Caregivers Who Receive Property From an Elderly Dependent are Walking a Legal Tightrope
As children we’re dependent on our parents for all our needs. It seems ironic that our final days may be spent under the care of the children we once cared for. Elderly dependents are vulnerable like small children, but they often have assets. In 2011 Nevada adopted NRS 155.097 which seeks to protect dependent adults from people acquiring their property through fraud, duress or undue influence. Caregivers who expect to receive gifts through wills, trusts, and other instruments need to know they may be walking a legal tight rope. Nevada law can be harsh for caretakers who receive gifts from the dependents they care for.

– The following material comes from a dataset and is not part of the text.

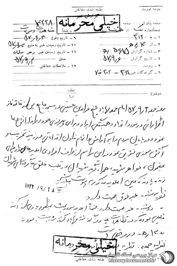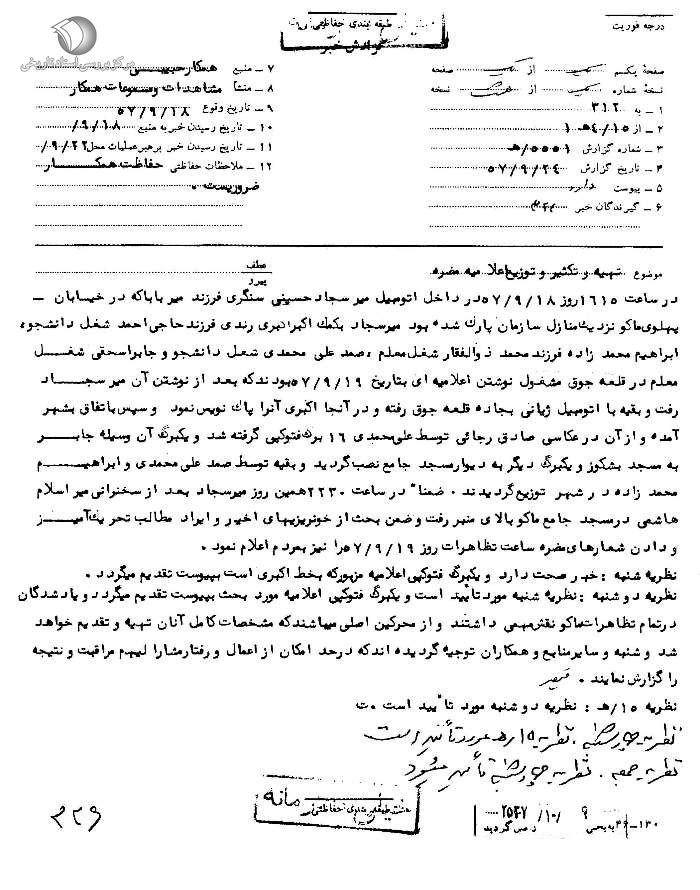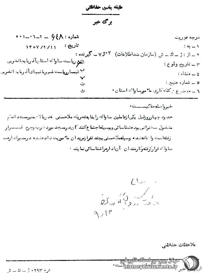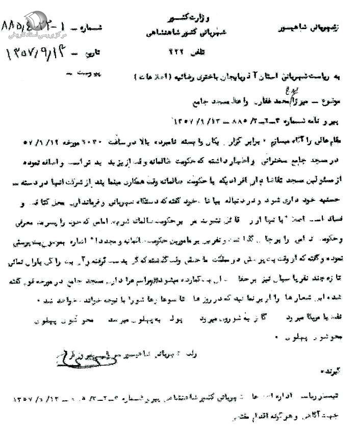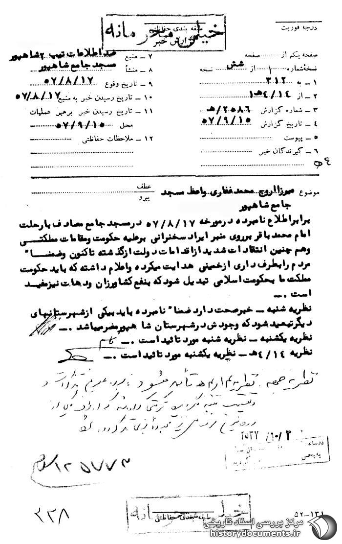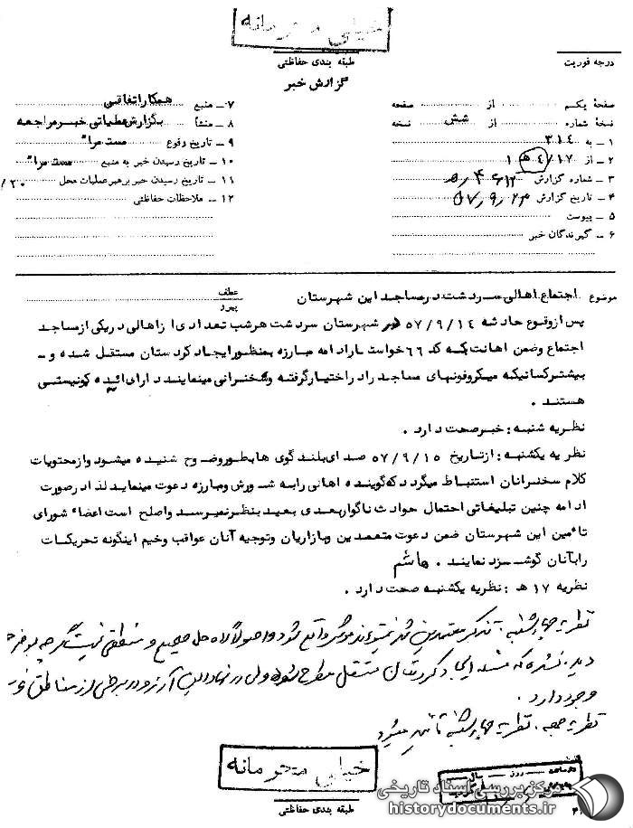[47]. سند شماره 24، پیوست در همین مقاله. دو روز پس از ایراد این سخنرانی، صبح روز 14 آذر 1357، یکی از مأموران شهربانی ارومیه موقع خروج از منزل هدف حمله چهار نفر ناشناس قرار گرفت و حال وی وخیم گزارش شد. طبق گزارش اسناد وقوع چنین حوادثی سبب تضعیف روحیه پرسنل گردید. همچنین در همین سند آمده است که برخی از «روحانیون مخالف و عناصر افراطی» عدهای را مأمور شناسایی و تعیین آدرس محل سکونت مأموران آگاهی و ساواک نمودند تا در موقعیت مناسبی به اقداماتی در مورد آنان دست بزنند. (مساجد استان آذربایجان غربی به روایت اسناد ساواک، همان، ج 2، ص 134).

Nevada law provides that the transfer of property to caregivers is presumed to be void unless it can be shown not to be the product fraud, duress, or undue influence. If someone challenges the transfer the caregiver can only overcome the presumption with clear and convincing evidence demonstrating the transfer was not the result of fraud, duress, or undue influence. This standard of proof is higher than the usual civil evidentiary standard of clear and convincing evidence. If the caregiver is not successful in rebutting the presumption, the caregiver will lose the gift and may be responsible for the challenging party’s attorney’s fees and costs. Caregivers receiving gifts don’t want to find themselves in this situation.
Fortunately, there is a way to avoid the trap for caregivers who stand to receive a gift from their elderly dependent. NRS 155.0975 allows an exception to the rule for cases where an independent attorney reviews the planned transfer and signs a ‘Certificate of Independent Review’ stating that the transfer was not the result of fraud, duress, or undue influence.
The livingtrustsource.com recommends that if you’re a caregiver, and your elderly dependent desires to transfer property to you through a will, trust, or other instrument, that you seek the assistance of a qualified lawyer to guide you in the process to avoid the presumption of fraud, duress, or undue influence.